To find the kernels and weights that best represent all of the PSFs, we first consider each PSF in a coordinate space relative to the chief ray. We do this by centering each measured PSF on-axis:

$${\mathbf{h}}[u + x,v + y;x,y,z] = \mathop {\sum}\limits_{r = 1}^K {{\mathbf{w}}_r} [x,y,z]{\mathbf{g}}_r[u,v]$$
(4)

where [x, y] is the chief ray spatial coordinate at the sensor. We assume that the calibration procedure will capture N PSFs across the field, {h[u, v; xi, yi, z]} i = 1…N, for each depth z. We estimate the chief ray coordinate [x, y] of off-axis PSFs by cross-correlating each with the on-axis PSF. The off-axis measurements are then shifted on-axis, vectorized, and combined into a registered PSF matrix, denoted as H. For smoothly varying systems, H is low rank and can be well approximated by solving

$$\hat G,\hat W = \mathop {{\rm{arg}} \,{\min}}\limits_{G,W}\| GW - H \|_2^2$$
(5)

where \(G \in {\Bbb R}^{M_p \times K}\) and \(W \in {\Bbb R}^{K \times N}\) for a sensor with Mp pixels. The optimal rank-K solution can be found by computing the K largest values of the singular value decomposition of H. The rth column of the left singular vector matrix, \(\hat G\), contains the kernel gr[x, y; z] in vectorized form. Similarly, combining the singular values with the right singular vector matrix produces \(\hat W\), of which the rth row contains the optimal weights wr[xi, yi, z] for voxel [xi, yi, z]. Empirically, we find that the weights vary smoothly across the field; hence, we use natural neighbor interpolation to estimate the weights between sampled points. After empirically testing the number of sample points per depth (N), we find 64 to be sufficient for our system.

The computational efficiency of this model can be analyzed by substituting Eq. (3) into Eq. (2), yielding:

$$\begin{array}{c}{\mathbf{b}}[u,v] = \mathop {\sum}\limits_z {\mathop {\sum}\limits_{x,y} {\mathbf{v}} } [x,y,z]{\mathrm{{\Lambda} }}[u,v]\mathop {\sum}\limits_{r = 1}^K {{\mathbf{w}}_r} [x,y,z]{\mathbf{g}}_r[u - x,v - y;z]\\ = {\mathrm{{\Lambda} }}[u,v]\mathop {\sum}\limits_z {\mathop {\sum}\limits_{r = 1}^K {\left\{ {\left( {{\mathbf{v}}[x,y,z]{\mathbf{w}}_r[x,y,z]} \right)\mathop { \ast }\limits^{[x,y]} {\mathbf{g}}_r[x,y;z]} \right\}} } \left[ {u,v} \right]\end{array}$$
(6)

where \(\mathop { \ast }\limits^{[x,y]}\) denotes discrete linear convolution over the lateral variables.

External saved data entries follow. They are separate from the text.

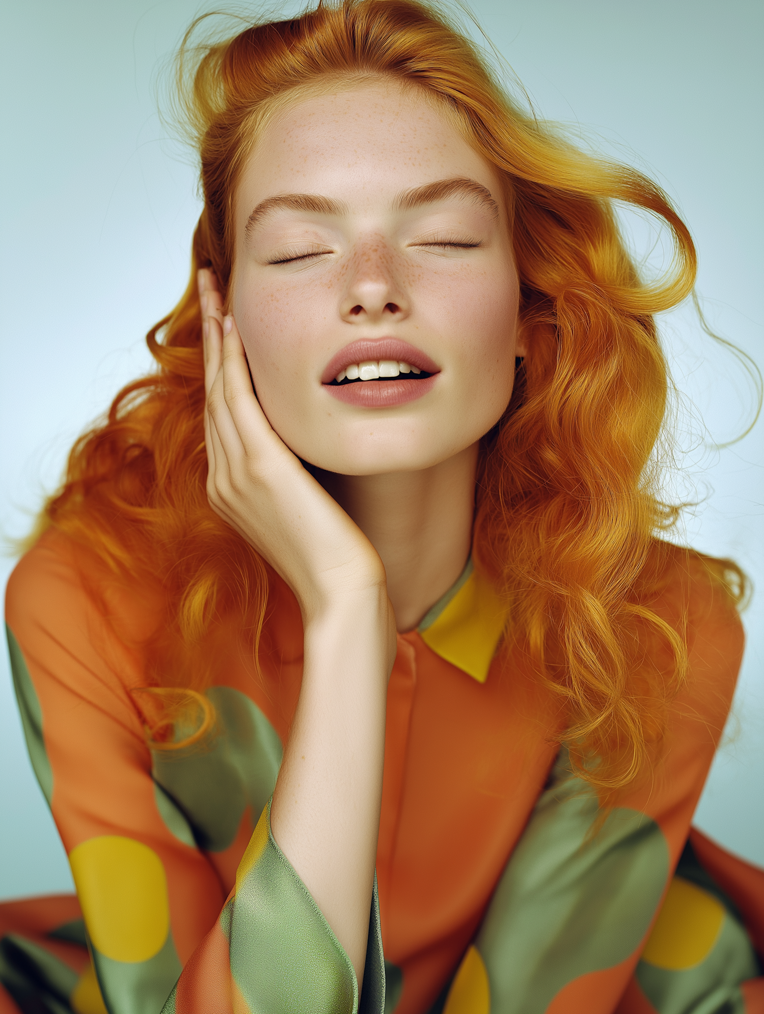 Serene portrait of a red-haired woman in a colorful polka dot blouse, eyes closed, exuding tranquility and elegance.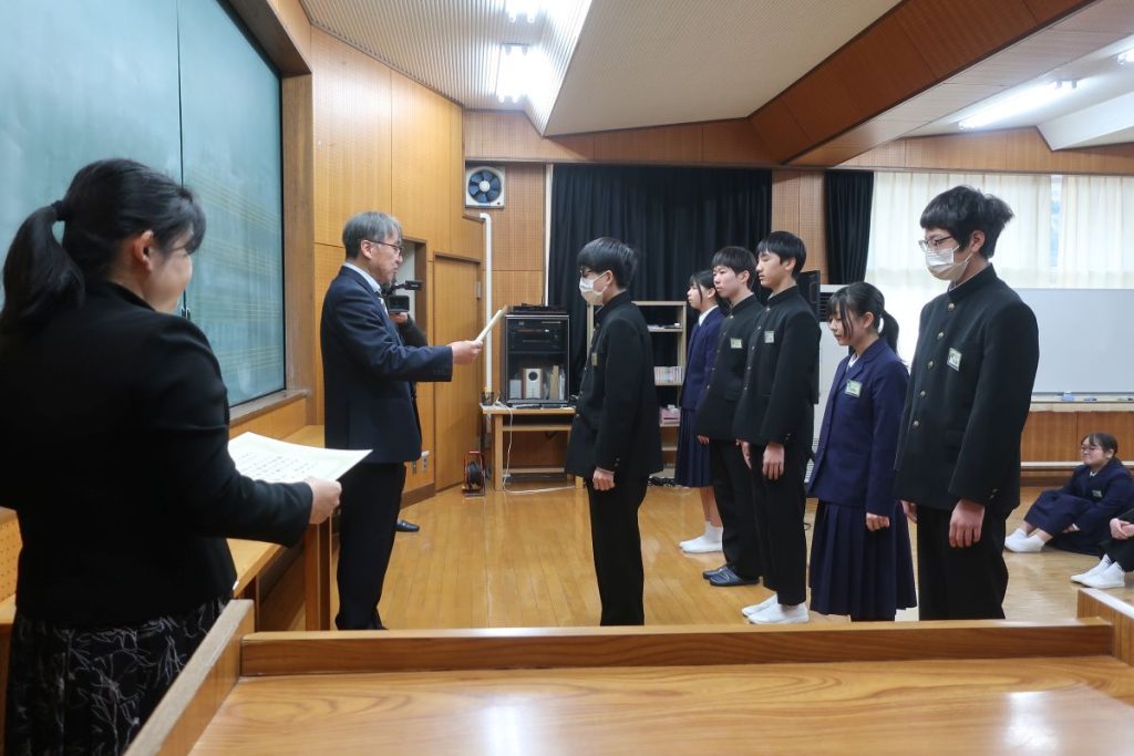 3学期がスタートしました。久しぶりにみんなと顔を合わせ、みんなで校歌を歌いました。生徒がいてこその学校だと感じます。始業式の後、地域で行われた上毛カルタ大会の表彰も行いました。郡大会での活躍により、県大会に出場する生徒もいます。3学期の活躍を期待させる一日となりました。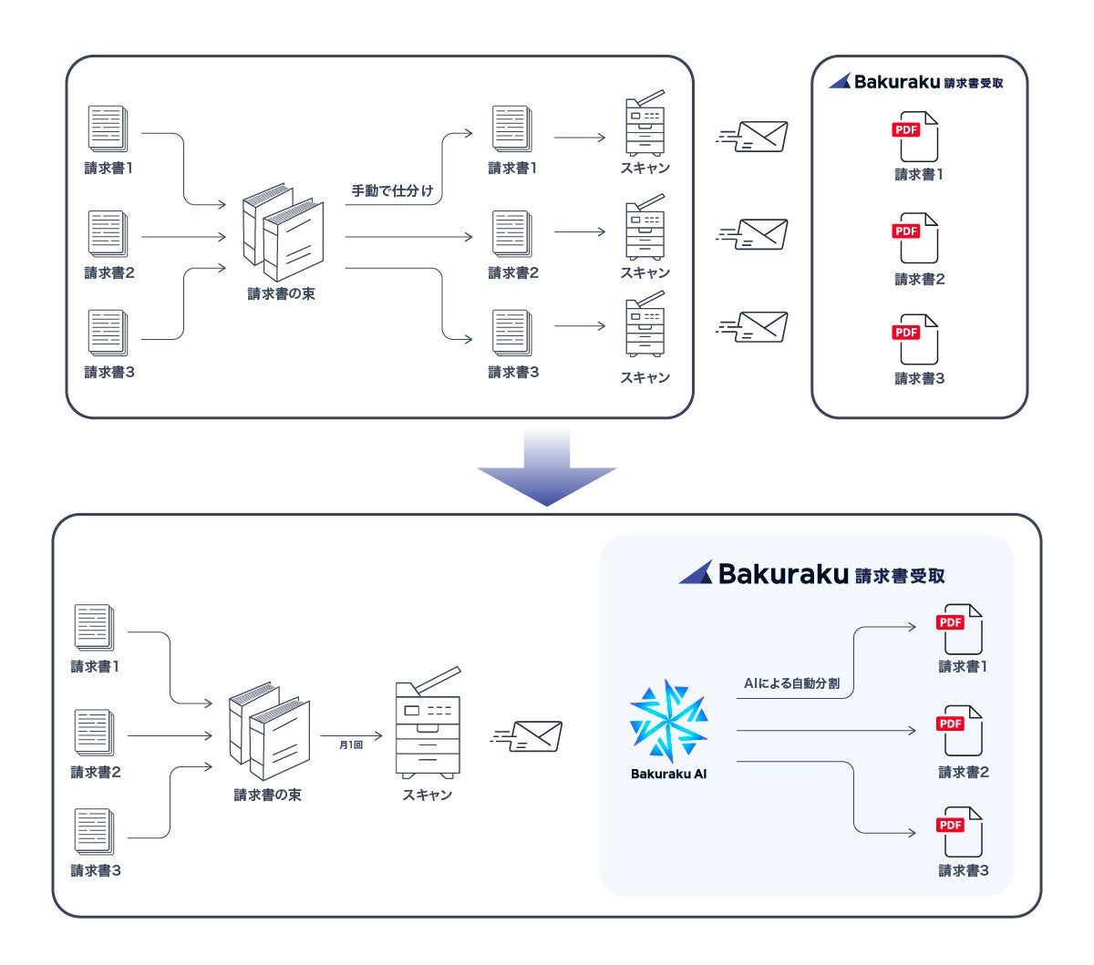 本機能によって、複合機などでスキャンした紙の請求書をまとめて「バクラク請求書受取」に取り込むと、AIが自動で書類の分割箇所を推薦してくれるため、AIの推薦箇所を確認するだけで処理が完了します。今まで紙で受領した請求書を手動で仕分けし、請求書ごとに取り込んでいた手間が削減されます。

In practice, each convolution can be implemented using a combination of padding and FFT convolution, whereas Λ[u, v] represents a crop12. Note that the summation over z assumes that no voxel is partially occluded. Because this model comprises K point-wise multiplications and K 2D convolutions per depth, it is approximately K–times slower than a shift-invariant model. Hence, minimizing K via the choice of weights and kernels or by reducing aberrations in the hardware improves the computational efficiency.

Calibration

Experimentally, our calibration procedure captures PSF images of a 2.5 μm green fluorescent bead at 64 equally spaced points across the FoV for each depth. Empirically, we find that the singular values decay quickly and that a model with rank between K = 10 and K = 20 is sufficient for our system. Note that we can trade-off the speed and accuracy of our model by varying K, but the decomposition needs to be performed only once. This method allows characterization of an extremely large matrix by capturing only a relatively small number of images. For example, our typical calibration requires 80 depths. Densely sampling every PSF using a 0.3 megapixel sensor would require 24 million calibration images (300,000 per depth) and terabytes of storage. In contrast, our method enables calibrating this entire volume using only 80 depths × 64 images/depth = 5120 images, which takes 2 h to capture using automated stages and requires a few gigabytes to store.

Reconstruction algorithm

In solving Eq. (1), we use the sparsifying transform \({\mathrm{\Psi}} = [{\nabla_x}{\nabla_y}{\nabla _z}]^{\rm{T}}\), which corresponds to 3D anisotropic TV regularization, promoting sparse 3D gradients in the reconstruction. The regularization parameter, τ, controls the balance between the data fidelity and the sparse 3D gradients prior. In practice, we hand-tune τ on a range of test data and then leave it fixed for subsequent captures (see Supplementary Fig. 5). We solve Eq. (1) using the FISTA27 with the fast, subiteration-free parallel proximal method31. Computationally, our method has similarities to light-field deconvolution17, but because our PSF is not periodic and our focal lengths are not all the same, we are able to remove the need for aperture matching and achieve higher resolution across a larger volume. To solve Eq. (1), we compute the linear forward and adjoint matrix-vector multiples using an FFT convolution. A typical reconstruction takes 1–3 k iterations and runs in 8–24 min on a GPU RTX 2080-Ti using MATLAB.

Phase mask design

In this section, we present the theory for designing and optimizing a phase mask that achieves a target resolution uniformly across a specified 3D volume. We assume that the phase mask will be placed in the aperture stop of the objective with the sensor at a fixed distance, as this architecture reduces the size and weight of our device, makes the system close to shift-invariant and enables multiplexing, which is necessary for compressed sensing. We aim for all PSFs produced by the mask to have high spatial-frequency content and be mutually incoherent (i.e., all as dissimilar as possible). Toward this goal, we propose a multifocal array of nonuniformly spaced microlenses as our phase mask.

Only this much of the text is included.